What the task requires :: All that is wanted is the exact text of the lines below from the one with "7月3日上午,连云港港旗台作" through the one with "Thanksgiving Pumpkin Fall", inclusive, minus any pictures.

Stored entries ::
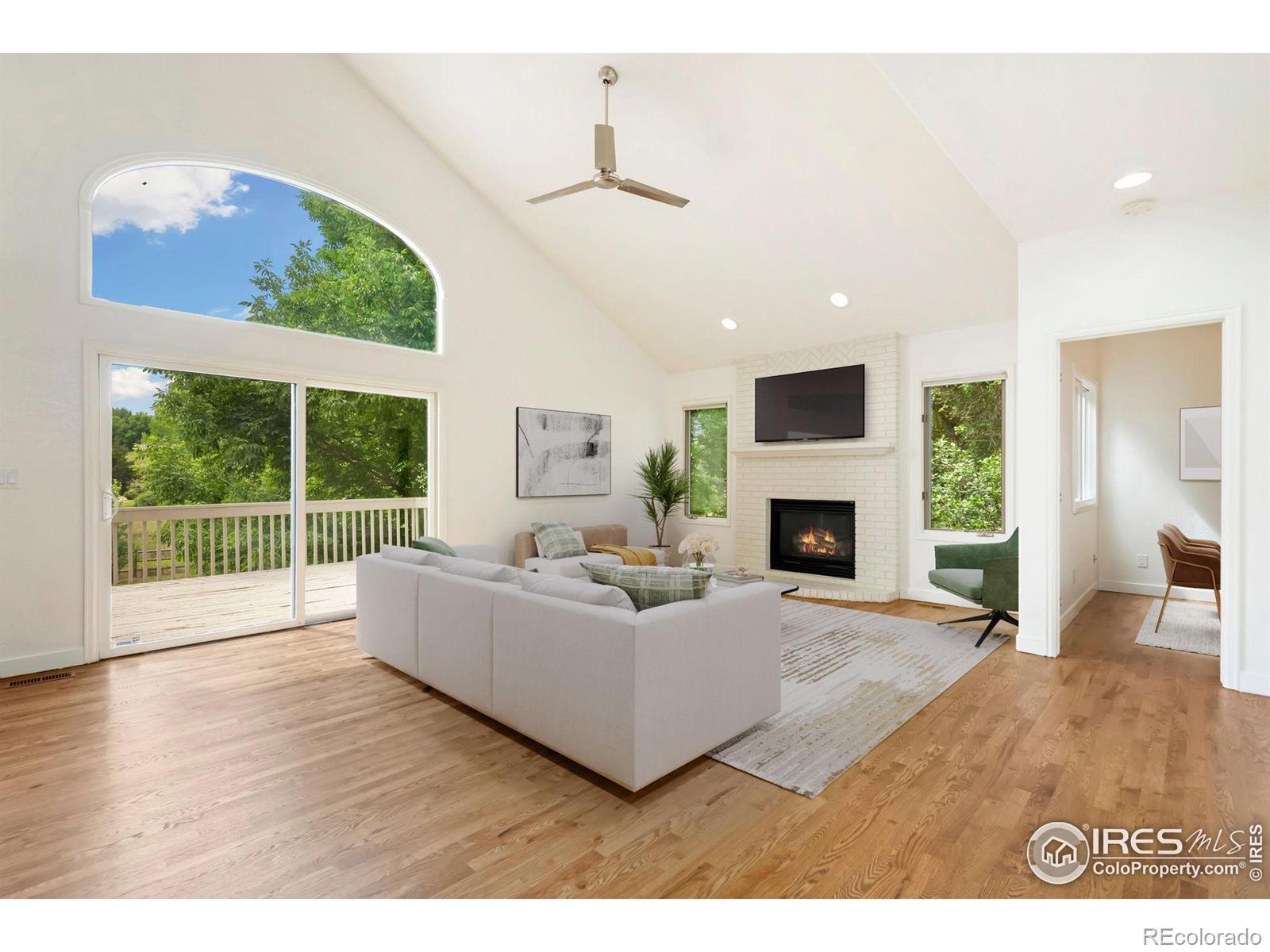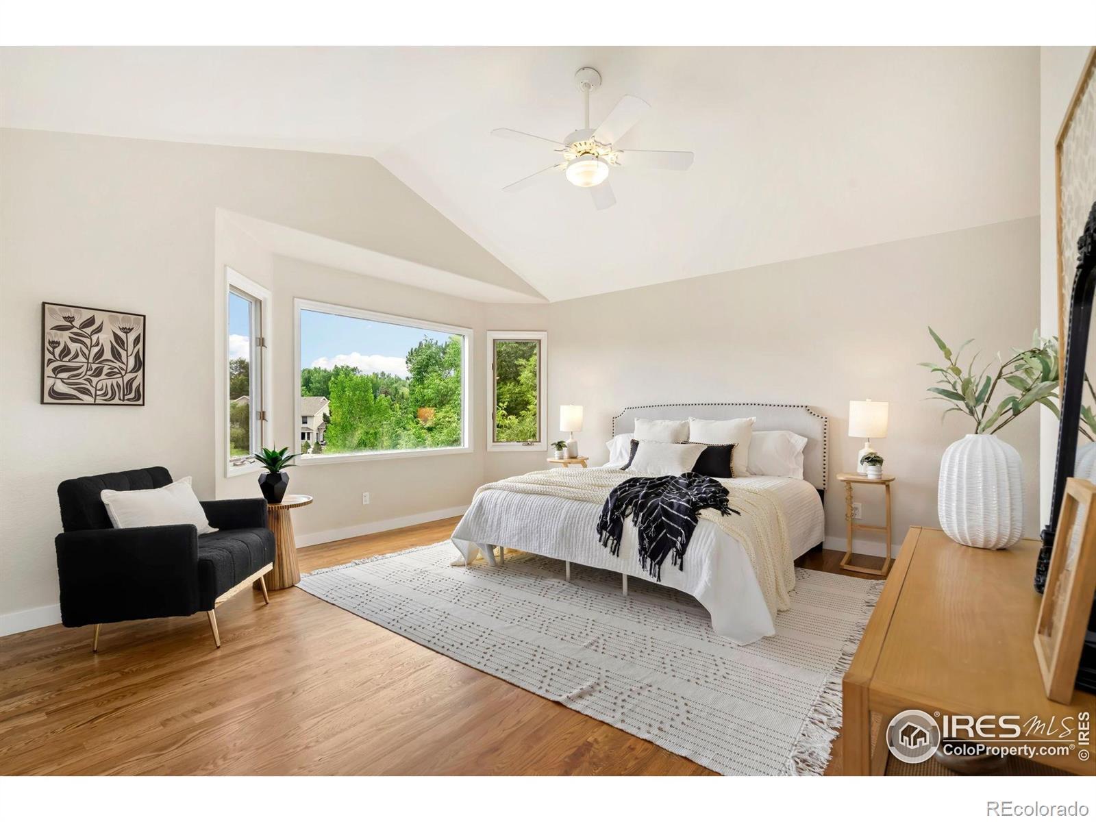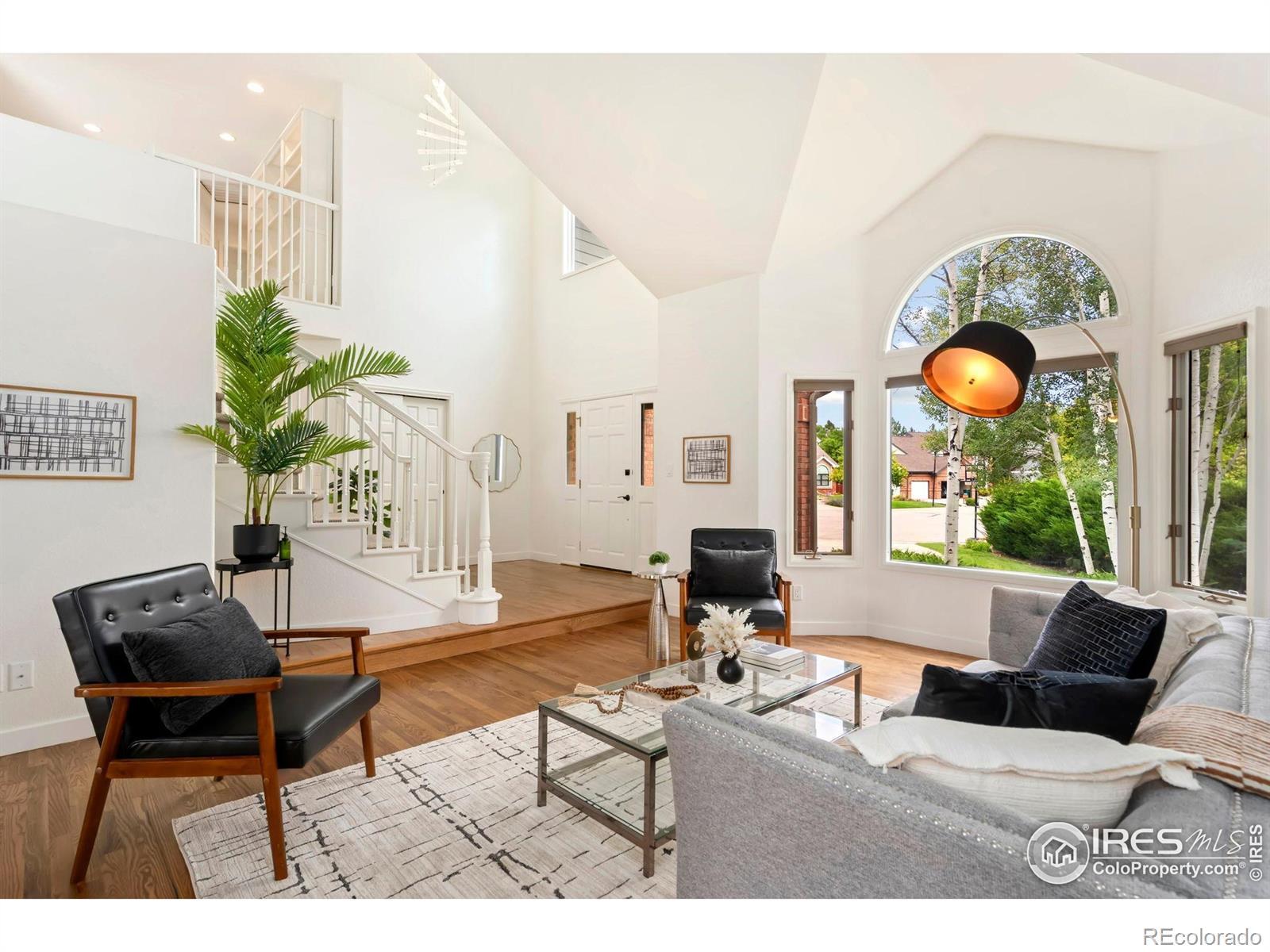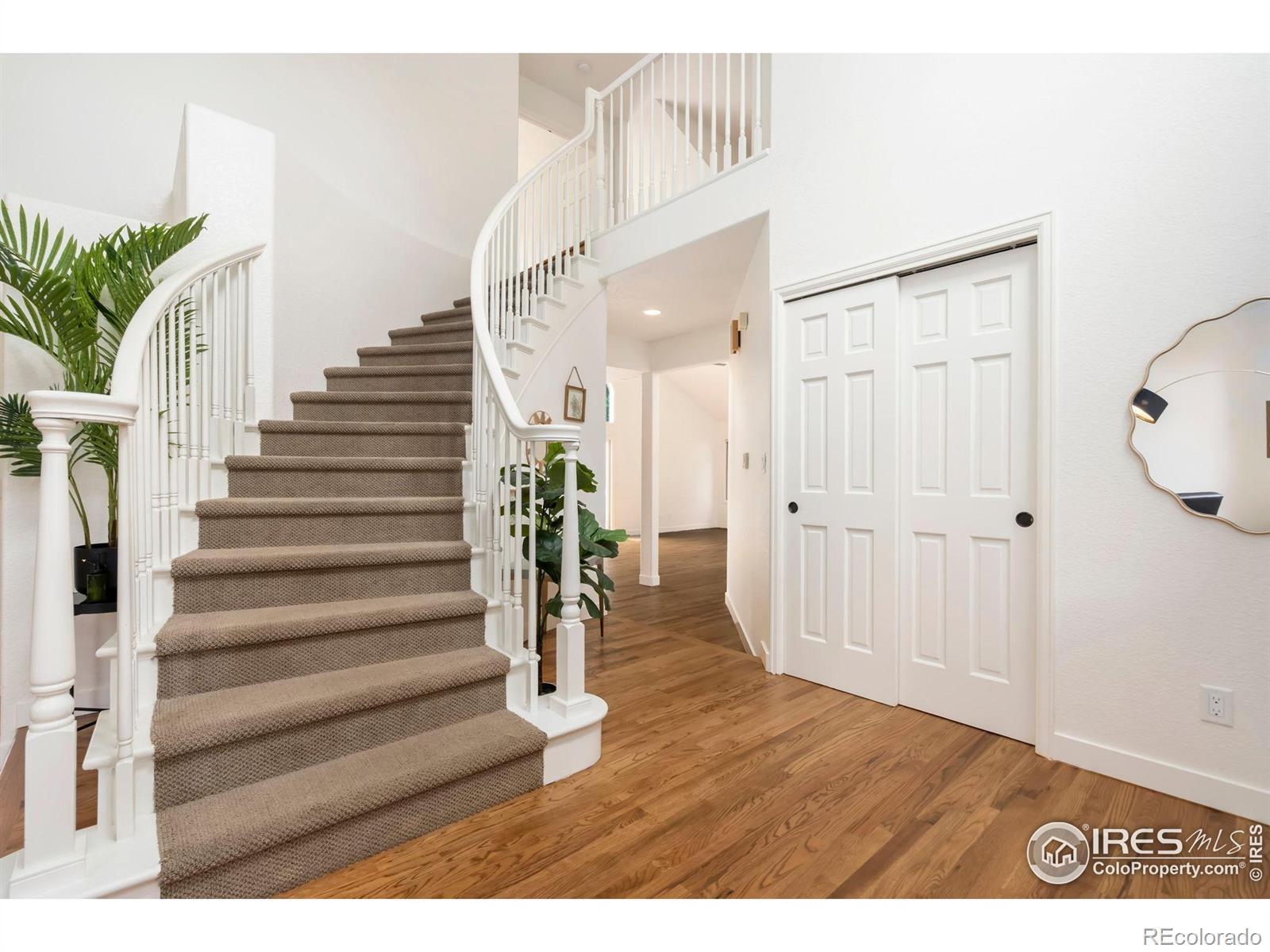 Now is your chance to own a rare Clarendon Hills treasure-nestled at the end of a quiet cul-de-sac on a .61-acre lot with mountain views and Fossil Creek just beyond the backyard. This 4,651 sq ft home blends timeless elegance with modern comfort, offering sun-filled living spaces, custom details, and a setting that feels private yet connected to the best of Fort Collins. From the moment you arrive, the mature trees and landscaping set the tone for something special. Step inside and you're greeted by soaring cathedral ceilings, a dramatic curved staircase, and freshly refinished hardwood floors that flow throughout the main level. The chef's kitchen is a showpiece with custom walnut cabinetry, high-end Wolf gas range and steam oven, and seamless flow into the family room with a gas fireplace and oversized windows to frame the yard and mountain views. A formal dining room, bright living room, and main-floor office/bedroom with attached bath round out the thoughtful layout. Upstairs, the loft connects four bedrooms, including a primary retreat with vaulted ceilings, a private deck, and a luxurious five-piece bath. Hardwood floors run through every upper bedroom, with a skylight adding warmth and light to the shared bathroom. The walkout basement provides flexible space for a rec room, game room, or studio, plus a full bedroom, bathroom, and abundant storage. Outside, entertain on the expansive deck overlooking a fenced yard, garden boxes, and open space-perfect for Colorado evenings. With access to trails, and a quick drive to Horsetooth Reservoir and Old Town Fort Collins, this home offers the rare combination of privacy, community, and lifestyle. A place to live beautifully, entertain effortlessly, and feel at home every day.
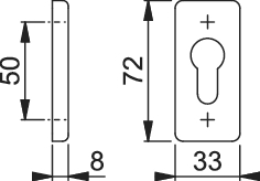 HOPPE®, Profiltür-Schlüsselrosette, Lochung: Profilzylinder gelocht, Befestigungsart: verdeckt verschraubt, Modellnummer: E44S, Material: Edelstahl, Farbton: edelstahl matt, Form: eckig, DIN-Richtung: DIN Links-Rechts, Befestigungstechnik: ohne Stütznocken, Länge: 72 mm, Breite: 33 mm, Stärke Abdeckung: 8 mm, Schraublochabstand: 50mm, Türart: Außentüren, Rahmentüren, Türwerkstoff: Aluminium, Kunststoff,Material Unterkonstruktion : Zamak
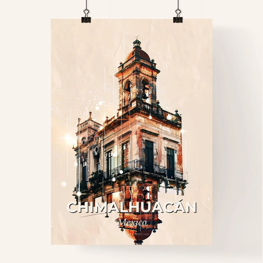 Chimalhuacan poster art iconic skyline bright sparkles - A building with a bell tower
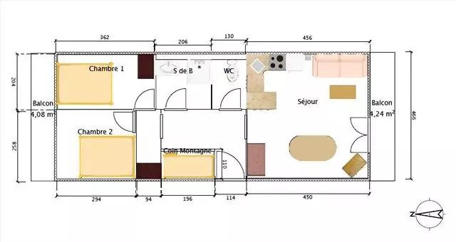 Entrance (separated from the living room by a door/ 19m²): 2 bunk beds (2x 90x190cm)
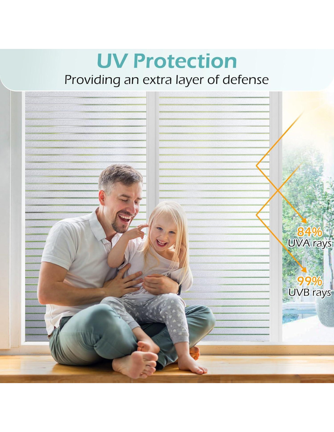- Protección Solar y Antideslumbrante: La película de privacidad de vidrio bloquea hasta el 84% de los rayos UVA y el 99% de los rayos UVB durante todo el día. Esta película de esmerilado para ventanas reduce efectivamente el deslumbramiento causado por la luz directa y protege tus ojos, piel y muebles interiores de la exposición excesiva al sol.
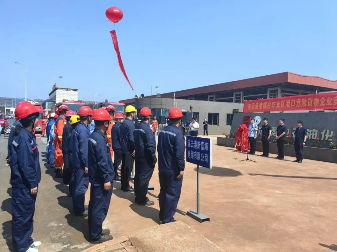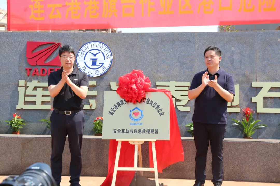 7月3日上午,连云港港旗台作业区港口危险货物企业安全互助与应急救援联盟成立揭牌仪式在连云港泰地石油化工有限公司门前广场举行,市交通运输局副局长吴亚东、市应急管理局副局长黄学智、市交通执法支队支队长杨永建、连云港港口控股集团副总裁尚锐以及市交通运输局、应急管理局、港口控股集团相关部门负责人,旗台作业区港口危货企业及联盟的领导和相关人员参加揭牌仪式,吴亚东、黄学智共同为联盟揭牌。
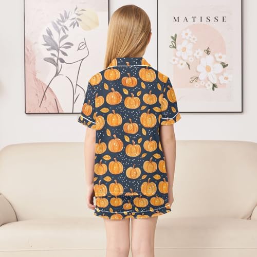 Thanksgiving Pumpkin Fall Leaf Pajamas Set Soft Satin Pjs Sets 2 Piece Short Sleeve Sleepwear Casual Loungewear 4
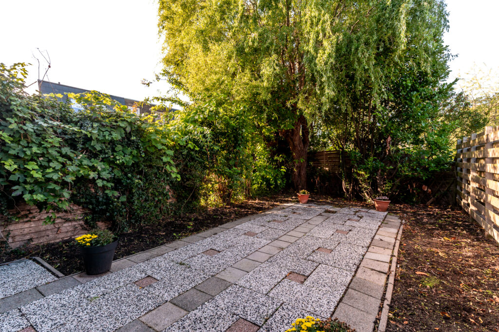 De verzorgd aangelegde tuin is gelegen op het zuidwesten en voorzien van een groot terras met bestrating, een border voor bomen en beplanting en wordt omheind middels schuttingen. De tuin is onderhoudsarm aangelegd en geeft veel privacy!
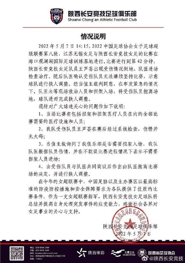 本赛季的女超联赛,一共只要10支球队在海口进行封闭式的竞赛,按理来说,赛会制的竞赛不应该出现如此低级的失误,更不可能连担架都不准备,或者是有担架却不使用。赛后,陕西队官方对本场竞赛的情况进行解说,称女超赛区是有装备担架、救护车等设备的,出现队医抱球员下场的一幕是因为其时情况紧急这位队医等不及担架救援。从竞赛画面中可以看到王芦荟在受伤后的意识清醒,并非情况紧急到来不及担架出场。
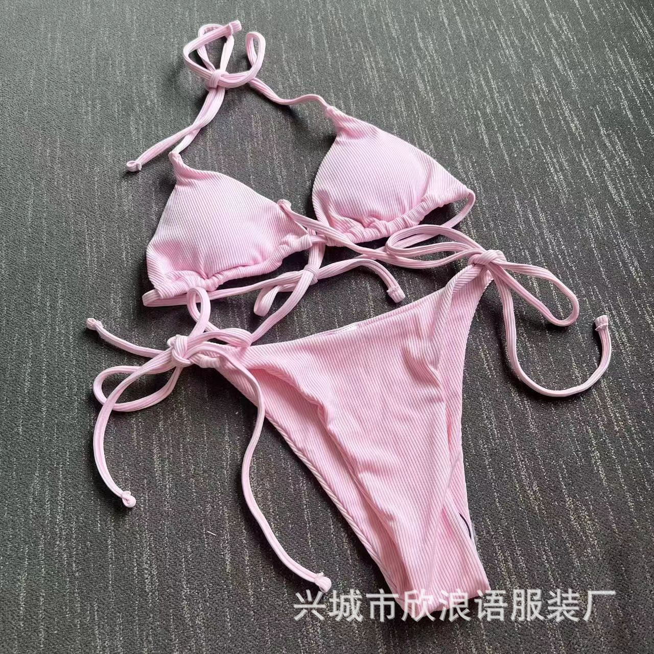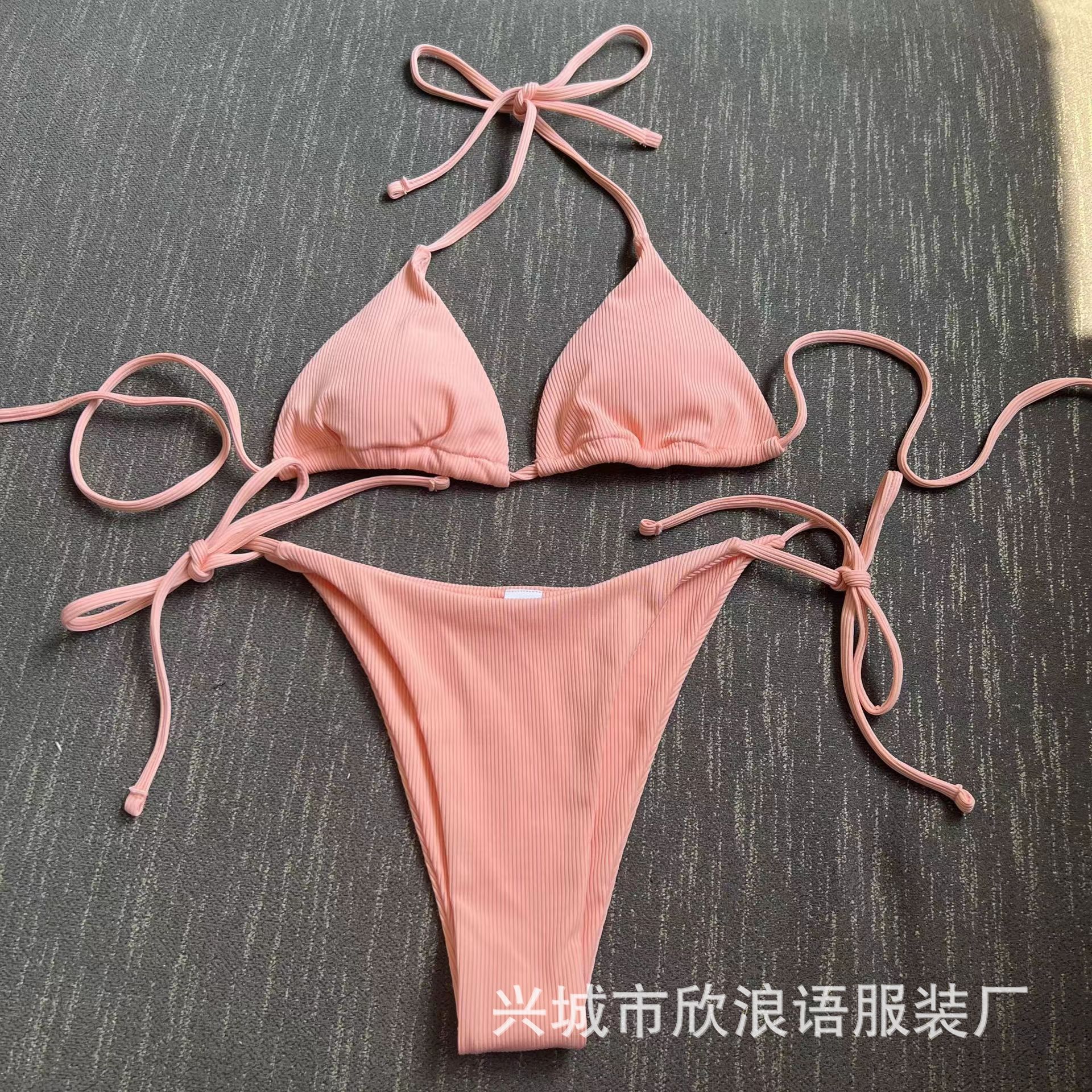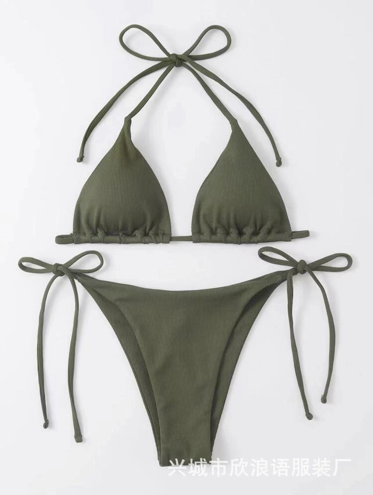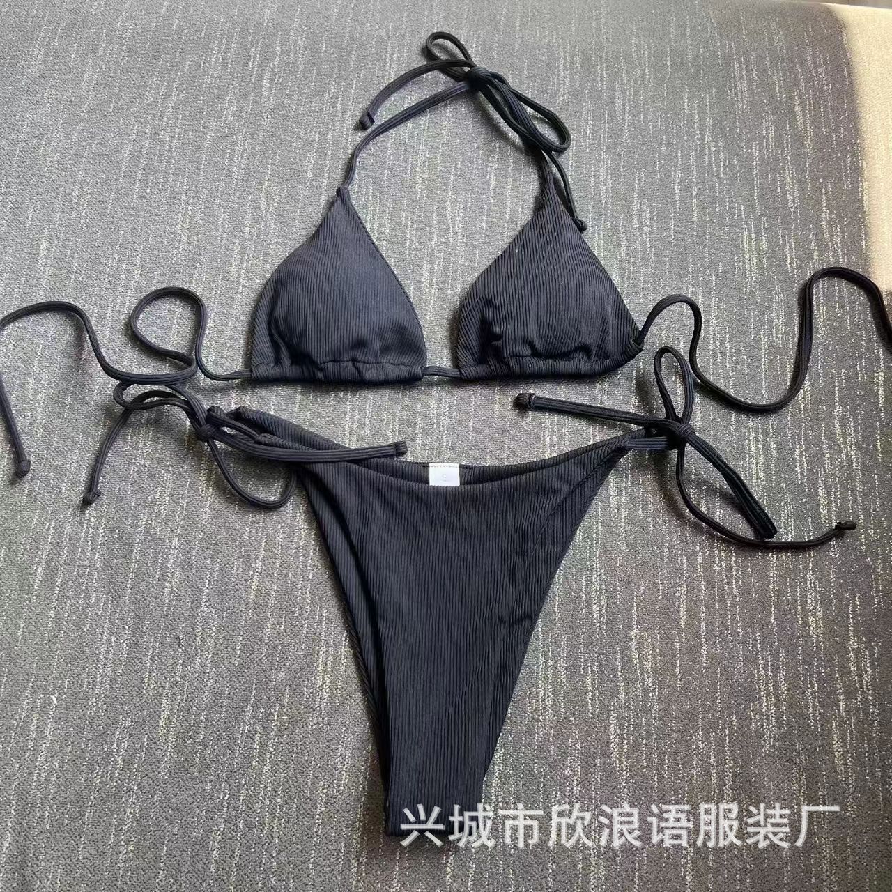 2025 유럽과 미국의 국경 새로운 분할 수영복 졸라 매는 끈 스트랩 스트라이프 수영복 대외 무역 3점 비키니 비키니

Output of the exercise ::
 7月3日上午,连云港港旗台作业区港口危险货物企业安全互助与应急救援联盟成立揭牌仪式在连云港泰地石油化工有限公司门前广场举行,市交通运输局副局长吴亚东、市应急管理局副局长黄学智、市交通执法支队支队长杨永建、连云港港口控股集团副总裁尚锐以及市交通运输局、应急管理局、港口控股集团相关部门负责人,旗台作业区港口危货企业及联盟的领导和相关人员参加揭牌仪式,吴亚东、黄学智共同为联盟揭牌。
 Thanksgiving Pumpkin Fall Leaf Pajamas Set Soft Satin Pjs Sets 2 Piece Short Sleeve Sleepwear Casual Loungewear 4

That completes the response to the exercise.